The canadian proposal (33/15) will replace the proposals from spring,

whereas Japan agreed upon that, and the text from the siracusa draft

statute. In addition the french proposal (art. 86) will be inserted as

an alternative text.

5. Necessity

(contains proposals from spring submitted by Japan, Canada and a text

from the siracusa draft statute)

New proposals were submitted by Canada (33/16) and France ( art. 87)

The canadian proposal replaces the canadian text from spring. The text

from the siracusa draft statute will be dropped. The japanese proposal

will be retained as an alternative text. French text ???????

6. Duress/ Coercion

contains proposals from spring submitted by Japan, Canada and a text

from the siracusa draft statute)

New proposals were submitted by Canada (17/22) and France (art. 19)

The canadian proposal replaces the proposals from spring submitted by

Canada and Japan, whereas Japan agreed upkn that. Although the french

proposal is similar to the canadian text, as was stated by the

represantaive of Canada, the french represantative pointed out that

there were editorial difficulties, with the reault that France was not

in the view that the french proposal is reflected in the canadian text

appropriatly.

7. Lesser of evils

The provision concerning lesser of evils will be dropped

8. superior orders

(contains proposals from spring submitted by Japan, a text from the

siracus draft statute and a text from the statute of the ICTY)

New proposals were submitted by Canada (33/18) and France (art. 85)

The text from the siracusa draft statute and the text from the statute

of the ICTY will be dropped. The canadian proposal replaces the proposal

submitted by Japan during the spring session, whereas Japan agreed upon

that. The french proposal will be inserted as an alternative text vis a

vis the canadian proposal.

9. Possible defences under public international law

(contains a list elaborated by the so called "Hafner Gruppe" during the

ad hoc committee 1995 and a text from the siracusa draft statute)
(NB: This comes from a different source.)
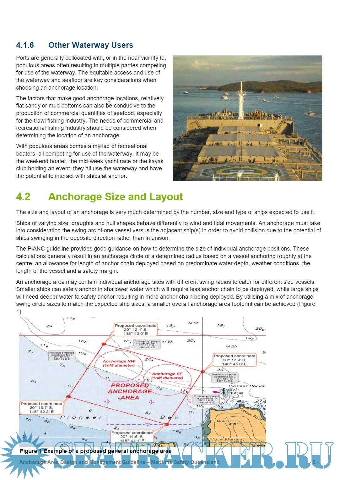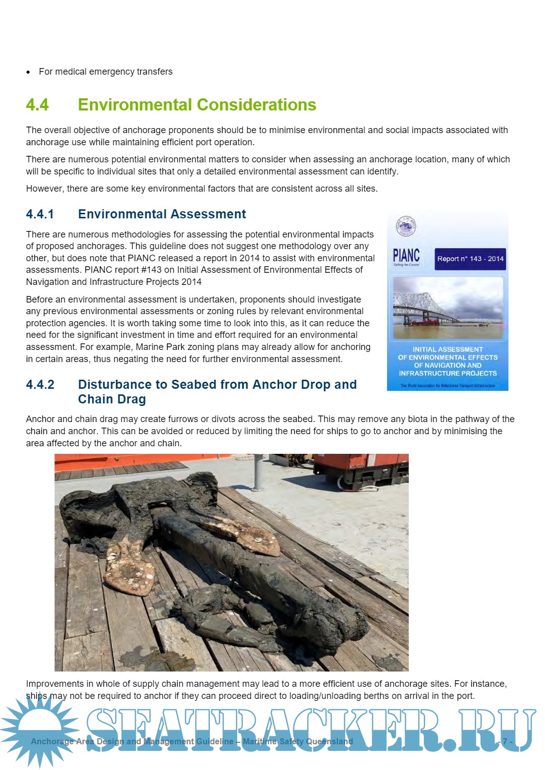 Year: 2019 Language: English Author: Maritime Safety Queensland Format: PDF Quality: eBook Pages count: 15 Description: The purpose of this guideline is to prompt entities involved with the establishment and on-going management of anchorages to consider the range of operational, environmental and social impacts posed by anchorages and to provide strategic guidance for their sustainable management.
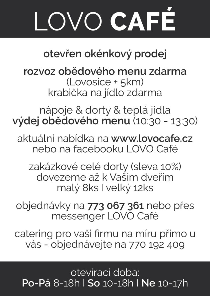 Lovosice – Výdejové okénko kavárny LOVO Café v přízemí Centra kultury Lovoš je stále v provozu. Kromě kávy si tady každý den můžete dát třeba horkou čokoládu nebo vitamínovou vzpruhu v podobě čerstvého zázvorového čaje. Samozřejmostí jsou domácí (každý den čerstvé) dortíky. Ve všední dny Vám tady i uvaří oběd, který po Lovosicích rozvezou zdarma.

The heading will be revised as possible defences refering too war crimes

and grave breaches of the geneva conventions. The heading includes the

subheadings of military necessity and reprisals

The text from the siracusa draft statute will be dropped. In the note

only the reference to the savings clause will be retained.

In this regard the view was expressed by France, wether there is a need

for this provision, because the UN Charter fully applies.

10. Exhaustive or enumarative list of defences

(It contains a proposal from spring submitted by the Netherlands and a

text from the siracusa draft statute)

New proposals were made by Canada and the United States (working paper

5)

The proposal from the spring session submitted by the Netherlands was

withdrawn by its representative. Paragraph 1 from the siracusa draft

statute will be retained whereas paragraph 2 will be deleted. The

proposal submitted by the United States will be inserted under this

point. Two notes from the canadian proposal will be included in the

already existend note.

II. Section B

1. Pressumption of innocence (art. 40 LC draft statute)

New proposals were submitted by France (art 51 (1) (a)) and Japan

(tentative draft on general principles, (I) (2))

The pressumtion of innocence will be transfered from the procedural into

the part concerning the general principles. On the suggestion of Japan a

footnote will be added, in which it is expressed that the pressumtion of

innocence is also a procedural matter. The question was left where in

the part of the general principles the pressumption of innocence should

be placed. An amendment was suggested by Norway that: "an accused should

be pressumed innocent until he or she is convicted in accordance with

the law.

2. non bis in idem

A new proposal was submitted by France (art. 151)

The french proposal will be inserted. Furthermore on the suggestion of

the United States a footnote will be embodied, which epresses that the

principle of non bis in idem is closely linked with the principle of

complementarity and with the issue of the rights of the accused.

3. To what extend should the court empowered to elaborate the rules of

procedure ans evindence

A new proposal was submitted by Singapure (working paper 2)

The proposal and the explanatory note submitted by Singapure will be

reproduced. The rest of the text remains unchanged.